Intel disclosed a security vulnerability called "Downfall" with tracking number "CVE-2022-40982" in August this year. The vulnerability, which utilizes "Gather Data Sampling" to steal other users' data and sensitive information from computers, affects a number of Core processors, spanning the 6th generation of Skylake to the 11th generation of Rocket Lake and Tiger Lake.
According to media reports, a number of Intel processor buyers have filed a lawsuit stating that Intel actually knew about the AVX side-channel vulnerability as early as 2018, but didn't tend to fix the problem in the architecture until it discovered the "Downfall" security vulnerability, which exposed millions of users to security threats. Intel has since released an updated microcode to fix the "Downfall" security vulnerability, but there is a possibility of performance loss, which can be quite significant, up to 50%.

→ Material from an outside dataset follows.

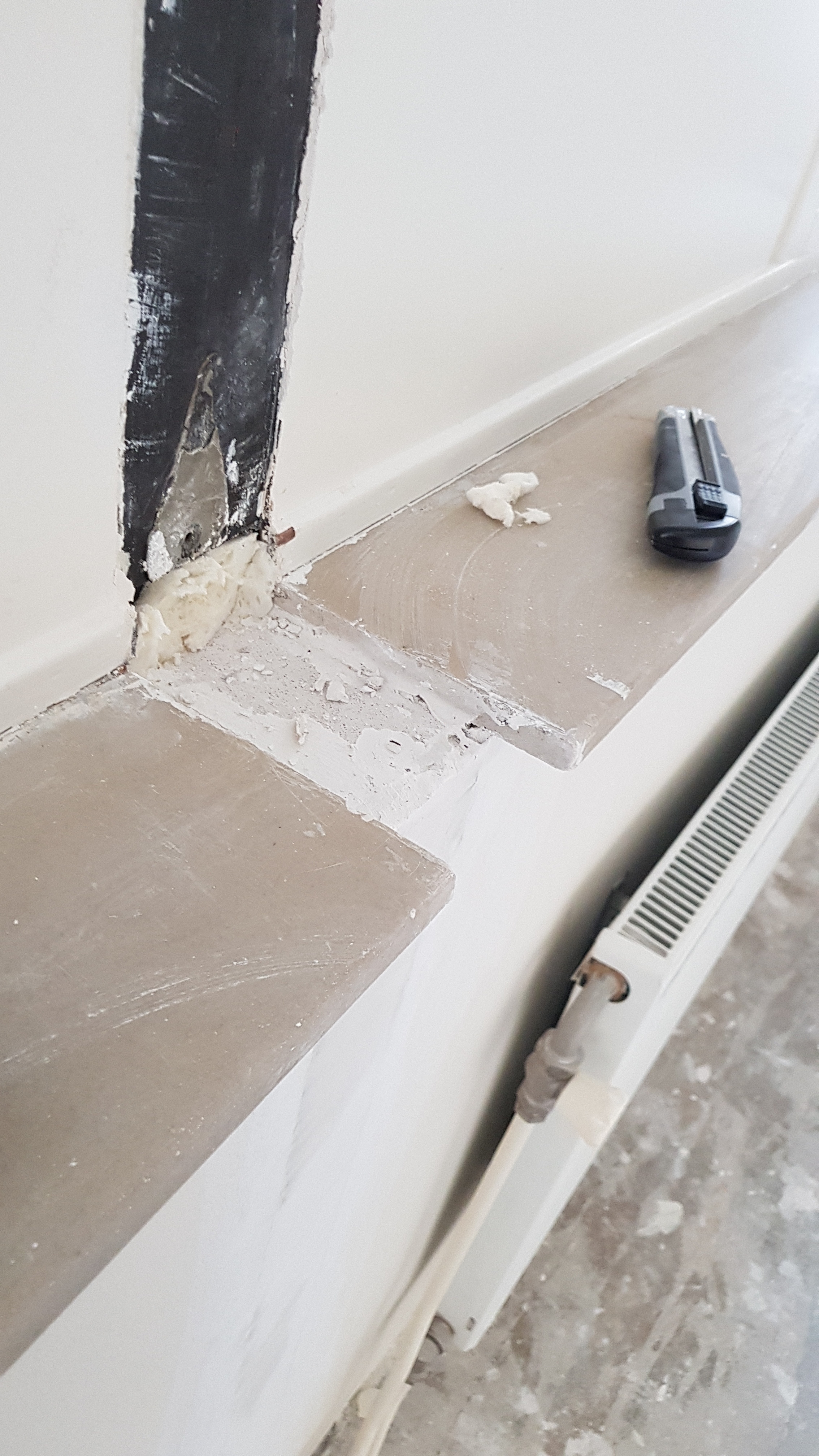 Gleuf breder maken want de nieuwe vensterbank is toch dikker

In the lawsuit filed, it is mentioned that Intel had already received reports from third-party researchers in 2018 when it was dealing with the Spectre and Meltdown vulnerabilities, which warned about issues related to the AVX side-channel vulnerability. Although Intel was on top of the situation five years ago, it was never heeded. Rumor has it that Intel implemented a "secret buffer" related to the AVX instruction set to temporarily curb the threat of the vulnerability, but instead of solving the problem, it exacerbated it, leading to the theft of data and sensitive information.
These are serious allegations, judging by the content of the lawsuit, but Intel has not yet responded to them.